::: RECORDED DATA :::

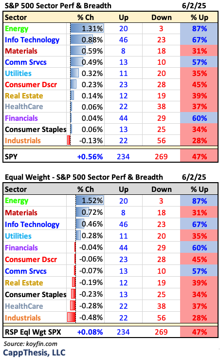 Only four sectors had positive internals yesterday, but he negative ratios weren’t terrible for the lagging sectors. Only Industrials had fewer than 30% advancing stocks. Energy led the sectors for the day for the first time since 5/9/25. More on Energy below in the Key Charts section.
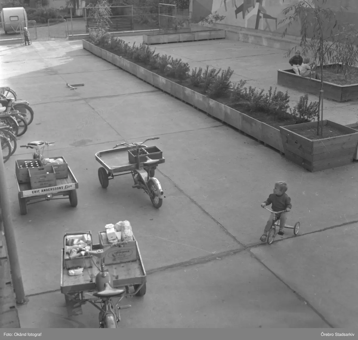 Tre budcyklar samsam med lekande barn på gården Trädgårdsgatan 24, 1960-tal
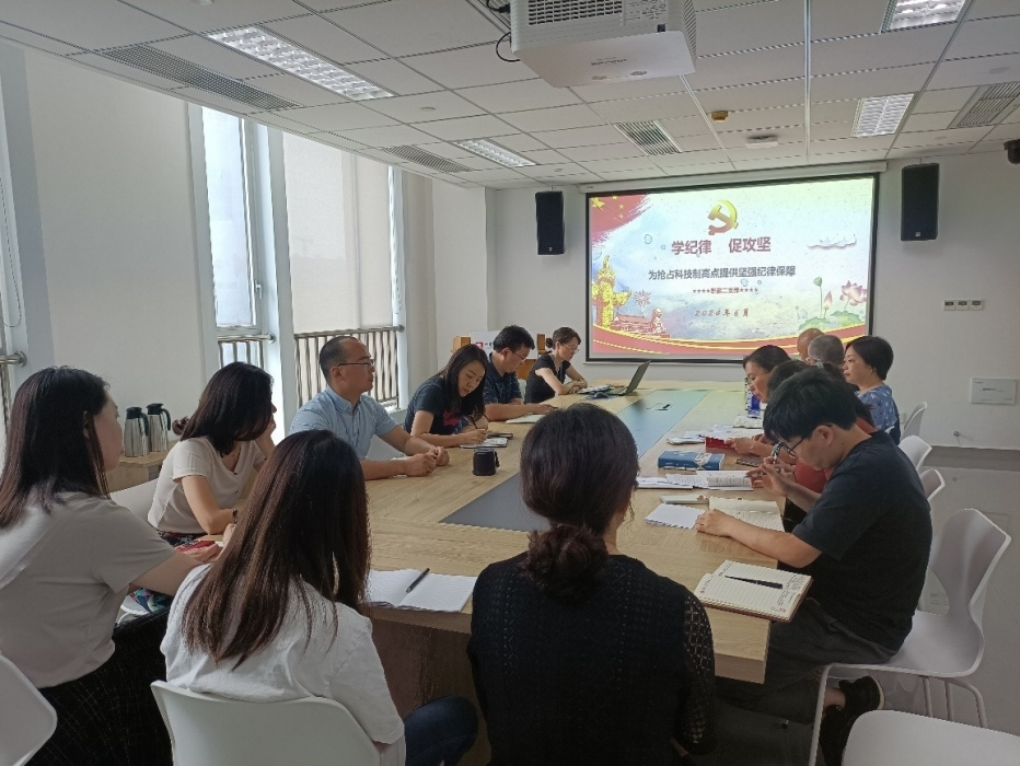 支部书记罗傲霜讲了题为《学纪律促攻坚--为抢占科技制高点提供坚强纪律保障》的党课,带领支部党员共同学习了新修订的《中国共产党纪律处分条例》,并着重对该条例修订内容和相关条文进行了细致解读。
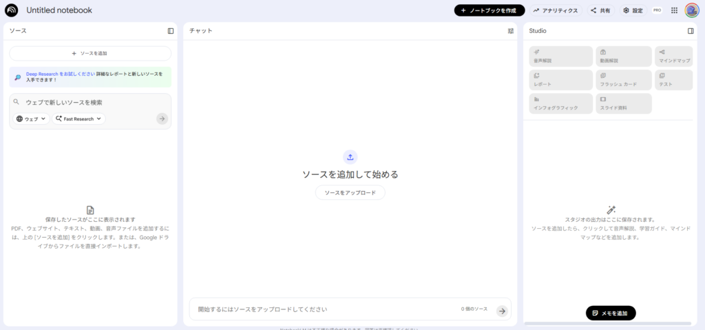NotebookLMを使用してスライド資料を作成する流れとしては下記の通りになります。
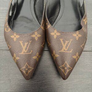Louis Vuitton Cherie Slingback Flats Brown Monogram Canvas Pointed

:::

* **AIM OF THE TASK**
Take the line with "Tre budcyklar samsam" as the first line and the last line of the records above as the final one; reproduce exactly the lines between them, both included, without pictures.

* **SOLUTION**
 Tre budcyklar samsam med lekande barn på gården Trädgårdsgatan 24, 1960-tal
 支部书记罗傲霜讲了题为《学纪律促攻坚--为抢占科技制高点提供坚强纪律保障》的党课,带领支部党员共同学习了新修订的《中国共产党纪律处分条例》,并着重对该条例修订内容和相关条文进行了细致解读。
NotebookLMを使用してスライド資料を作成する流れとしては下記の通りになります。
Louis Vuitton Cherie Slingback Flats Brown Monogram Canvas Pointed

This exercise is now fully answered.